Set the images aside and retype the whole listing exactly.

» **INPUT DATA**
****************

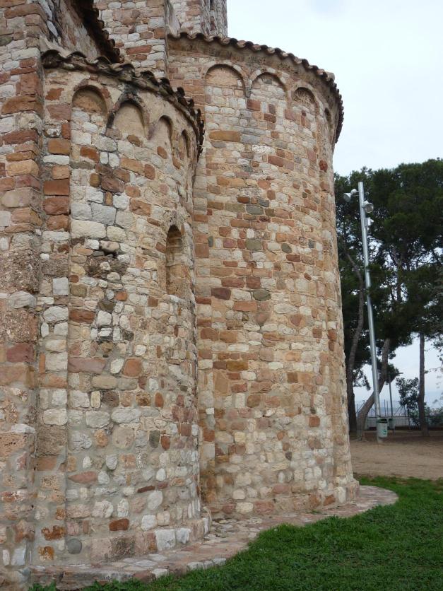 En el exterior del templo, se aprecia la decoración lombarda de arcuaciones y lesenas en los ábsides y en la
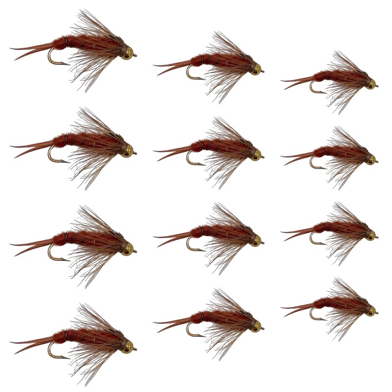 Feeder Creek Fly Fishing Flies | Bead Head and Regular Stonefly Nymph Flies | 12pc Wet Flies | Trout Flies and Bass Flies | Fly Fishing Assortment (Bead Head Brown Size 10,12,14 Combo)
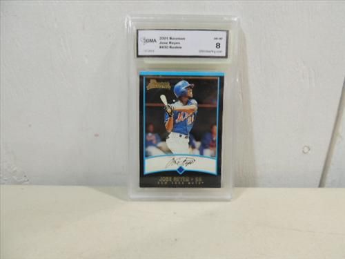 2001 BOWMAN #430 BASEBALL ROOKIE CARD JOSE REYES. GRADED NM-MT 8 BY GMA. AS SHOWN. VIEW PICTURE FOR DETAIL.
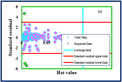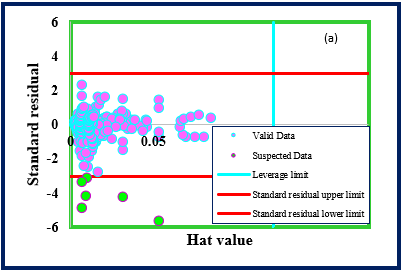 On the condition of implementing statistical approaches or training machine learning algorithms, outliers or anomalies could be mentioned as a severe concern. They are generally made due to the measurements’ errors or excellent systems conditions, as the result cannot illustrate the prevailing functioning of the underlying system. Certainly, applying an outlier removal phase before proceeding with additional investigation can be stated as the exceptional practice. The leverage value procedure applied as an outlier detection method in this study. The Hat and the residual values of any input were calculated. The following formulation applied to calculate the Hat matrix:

****************

» **PROBLEM SOLUTION**
 En el exterior del templo, se aprecia la decoración lombarda de arcuaciones y lesenas en los ábsides y en la
 Feeder Creek Fly Fishing Flies | Bead Head and Regular Stonefly Nymph Flies | 12pc Wet Flies | Trout Flies and Bass Flies | Fly Fishing Assortment (Bead Head Brown Size 10,12,14 Combo)
 2001 BOWMAN #430 BASEBALL ROOKIE CARD JOSE REYES. GRADED NM-MT 8 BY GMA. AS SHOWN. VIEW PICTURE FOR DETAIL.
 On the condition of implementing statistical approaches or training machine learning algorithms, outliers or anomalies could be mentioned as a severe concern. They are generally made due to the measurements’ errors or excellent systems conditions, as the result cannot illustrate the prevailing functioning of the underlying system. Certainly, applying an outlier removal phase before proceeding with additional investigation can be stated as the exceptional practice. The leverage value procedure applied as an outlier detection method in this study. The Hat and the residual values of any input were calculated. The following formulation applied to calculate the Hat matrix:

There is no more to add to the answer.